A publicação, da responsabilidade do Centro de Oncologia dos Açores,  dá a conhecer os dados de incidência do cancro na Região entre 1997 e 2016 e apresenta os dados por sexo, ilha e localização topográfica, ou seja, pelo local de origem do tumor primário.

Dos mais de 19 mil cancros registados nestes 20 anos, 11.367 foram detectados em homens (59% do total) e 7.863 em mulheres (41%), dando origem a uma média de 962 novos casos por ano.

O grupo etário dos 50 aos 69 anos foi o que registou o maior número de novos casos nos homens, enquanto nas mulheres foi as com mais de 70 anos.

Segundo a publicação, os cancros mais frequentes nos homens são os da próstata e do pulmão e, nas mulheres, os cancros da mama e do cólon e recto. 

Para o apuramento dos dados deste registo ao longo de 20 anos, o Centro de Oncologia dos Açores contou com a colaboração dos três hospitais da Região e com algumas entidades privadas, nomeadamente laboratórios. 

Na apresentação da publicação, o  Secretário Regional da Saúde destacou que o registo oncológico actualiza “os últimos cinco anos que faltavam, e temos actualmente o registo oncológico mais actualizado no todo nacional”.

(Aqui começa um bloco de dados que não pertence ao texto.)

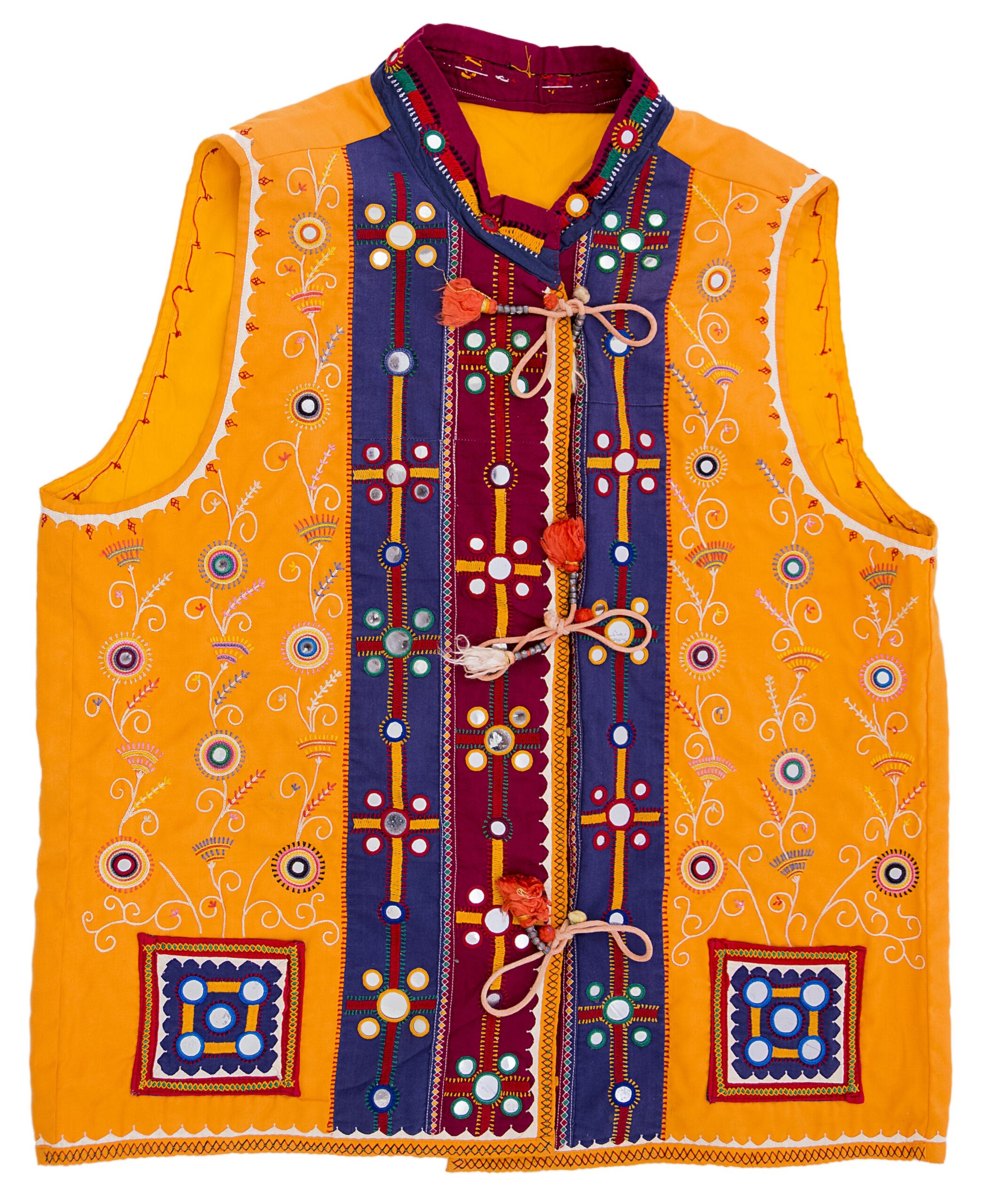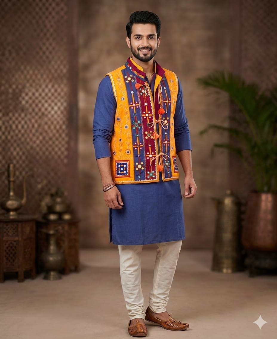 The bright yellow base is beautifully complemented by bold multicolor patterns and decorative tassel tie-up closure, giving it a unique and festive appeal. Perfect for weddings, festivals, and special occasions, this jacket pairs effortlessly with kurtas or shirts for a standout look.

Rui Luís sublinhou que o registo agora publicado se enquadra no trabalho de investigação promovido pela Secretaria Regional da Saúde, denominado ‘Estudo sobre Cancro nos Açores’.

“Esta publicação é um instrumento de trabalho para o planeamento e para a investigação científica, servindo de base ao estudo sobre as causas do cancro que estamos a realizar com o apoio das universidades dos Açores e de Coimbra, que estará concluído ao longo deste ano”, frisou.

Para o Secretário Regional, trata-se de um registo oncológico rigoroso que irá contribuir para o aperfeiçoamento e avaliação das medidas em curso, e para a definição de novas políticas para o combate ao cancro.

“Os resultados vêm confirmar aquilo que são as políticas públicas em termos de prevenção primária”, sublinhou, acrescentando que esta edição “confirma os principais factores de risco associados à alimentação, ao álcool, ao tabaco e ao exercício físico”.

“Este livro é mais uma iniciativa coerente com o Plano Regional de Saúde, em especial com os programas em curso no Serviço Regional de Saúde”, sublinhou, recordando ainda o trabalho desenvolvido na prevenção secundária, com os programas organizados de rastreio oncológico de base populacional, e na prevenção terciária, com a melhoria dos cuidados primários e hospitalares e das condições de terapia e de suporte.

Rui Luís sublinhou essa cooperação e acrescentou que “é essencial que todos os intervenientes neste processo se mantenham tecnicamente aptos e disponíveis para continuar a assegurar, com o máximo de rigor e verdade, o registo oncológico”.